Exercise instructions >> The whole listing, except its pictures, is to be repeated exactly.

#### Material provided

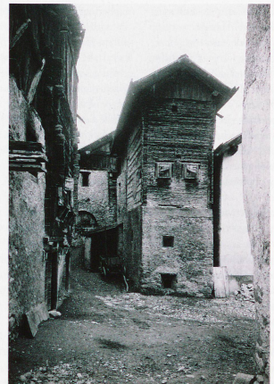
Wohnhaus in Zuoz, fotografiert von Rudolf Zinggeler

SCHWITZER KUPFER, Bild: 2012, 16 x 21 Foto: Zingeler, Kunstmuseum
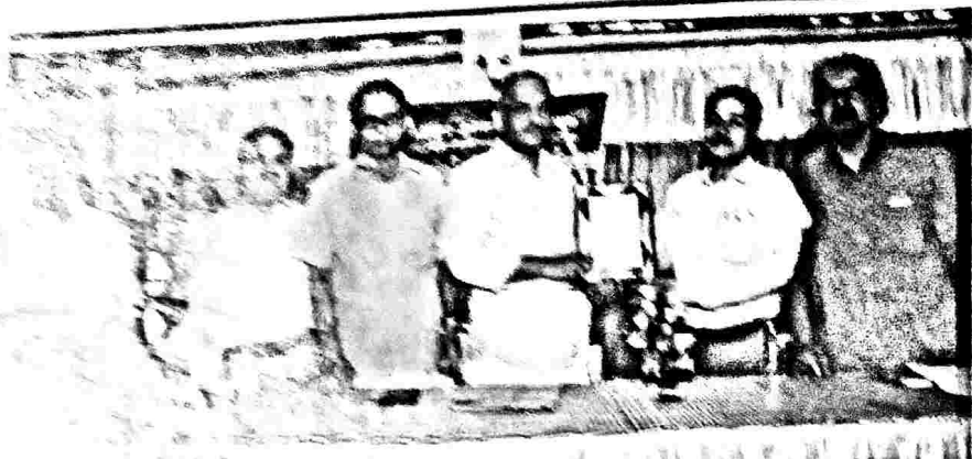
കോടതിയിൽ ഊതയിൽ ആദ്യമായി എ.എസ്.ഐ. റിപ്പോർട്ടർ വിജയ് ഓഫീസിലെ ആർ.ആർ.കെ. അംഗീകൃതം.

########

Task solution >>
Wohnhaus in Zuoz, fotografiert von Rudolf Zinggeler

SCHWITZER KUPFER, Bild: 2012, 16 x 21 Foto: Zingeler, Kunstmuseum
കോടതിയിൽ ഊതയിൽ ആദ്യമായി എ.എസ്.ഐ. റിപ്പോർട്ടർ വിജയ് ഓഫീസിലെ ആർ.ആർ.കെ. അംഗീകൃതം.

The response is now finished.